🤖 AI Summary
This paper addresses the lack of natural language interfaces and benchmark datasets in trajectory visualization systems by proposing Text-to-TrajVis—a novel task that enables end-to-end generation of executable trajectory data visualization code from natural language queries. Methodologically, we introduce Trajectory Visualization Language (TVL), the first domain-specific language for trajectory visualization; construct TrajVL, the first large-scale benchmark dataset comprising 18,140 question-answer pairs; and establish a human–LLM collaborative paradigm for data synthesis and annotation. Our contributions are threefold: (1) formal definition and empirical validation of the task’s feasibility and inherent challenges; (2) open-sourcing of both the TrajVL dataset and the TVL specification; and (3) development of a systematic, multi-model evaluation framework that reveals current LLMs’ limitations in generating structured visualization code.
📝 Abstract
This paper introduces the Text-to-TrajVis task, which aims to transform natural language questions into trajectory data visualizations, facilitating the development of natural language interfaces for trajectory visualization systems.
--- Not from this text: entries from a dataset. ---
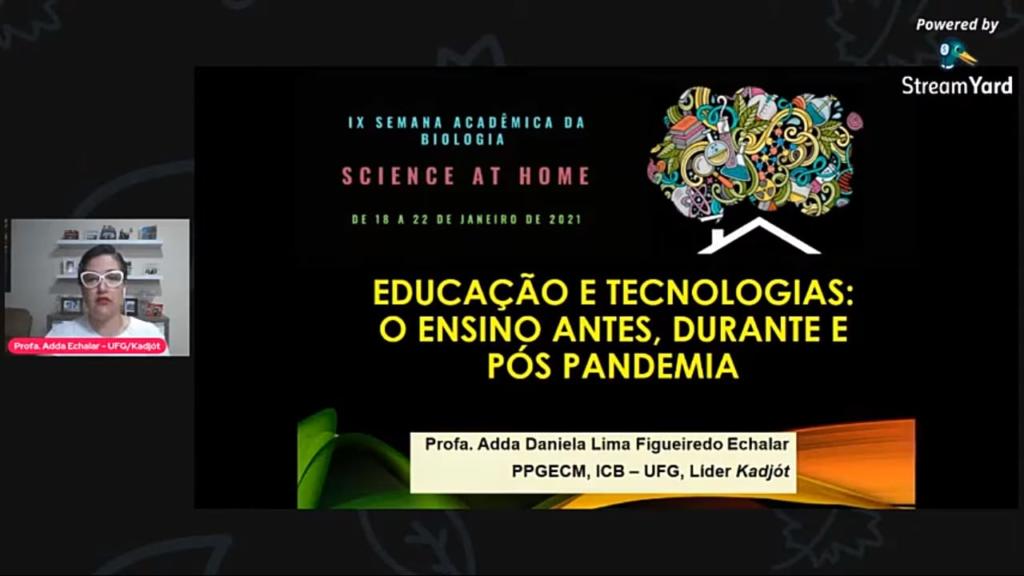 Referente a esse último tema, a palestra “Educação e tecnologias: o ensino antes, durante e pós-pandemia”, foi ministrada pela docente Adda Echalar. Ada é professora da Universidade Federal de Goiás (UFG) e líder do grupo de estudos e pesquisas “Kadjót”, que estuda as relações entre as tecnologias e a educação. A pesquisadora trouxe muitas reflexões sobre a relação entre o uso das tecnologias com a educação, como esta inovação tecnológica interfere na qualidade do ensino e, também, como a pandemia interferiu neste aspecto. A palestrante abordou ainda questões relacionadas à desigualdade social, reforçada pelo contexto da pandemia; dificuldades de acesso dos alunos às tecnologias de informação e comunicação (TICs), e sobre a dificuldade que muitos professores estão enfrentando devido a esse contexto pandêmico.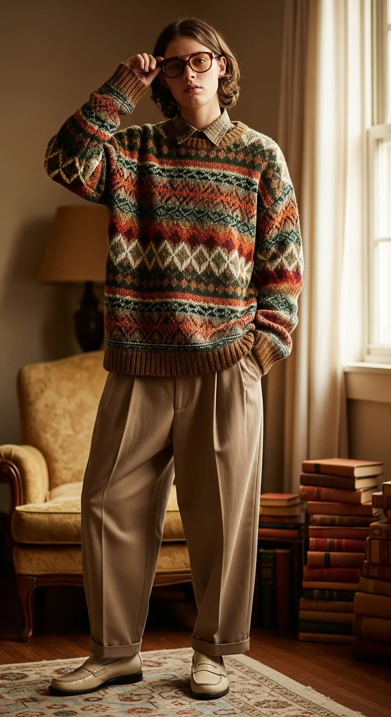 A male model wearing a vintage-style patterned sweater and loose trousers.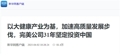 新华网 | 以大健康产业为基,完美公司31年坚定投资中国

As this is a novel task, there is currently no relevant dataset available in the community. To address this gap, we first devised a new visualization language called Trajectory Visualization Language (TVL) to facilitate querying trajectory data and generating visualizations. Building on this foundation, we further proposed a dataset construction method that integrates Large Language Models (LLMs) with human efforts to create high-quality data. Specifically, we first generate TVLs using a comprehensive and systematic process, and then label each TVL with corresponding natural language questions using LLMs. This process results in the creation of the first large-scale Text-to-TrajVis dataset, named TrajVL, which contains 18,140 (question, TVL) pairs. Based on this dataset, we systematically evaluated the performance of multiple LLMs (GPT, Qwen, Llama, etc.) on this task. The experimental results demonstrate that this task is both feasible and highly challenging and merits further exploration within the research community.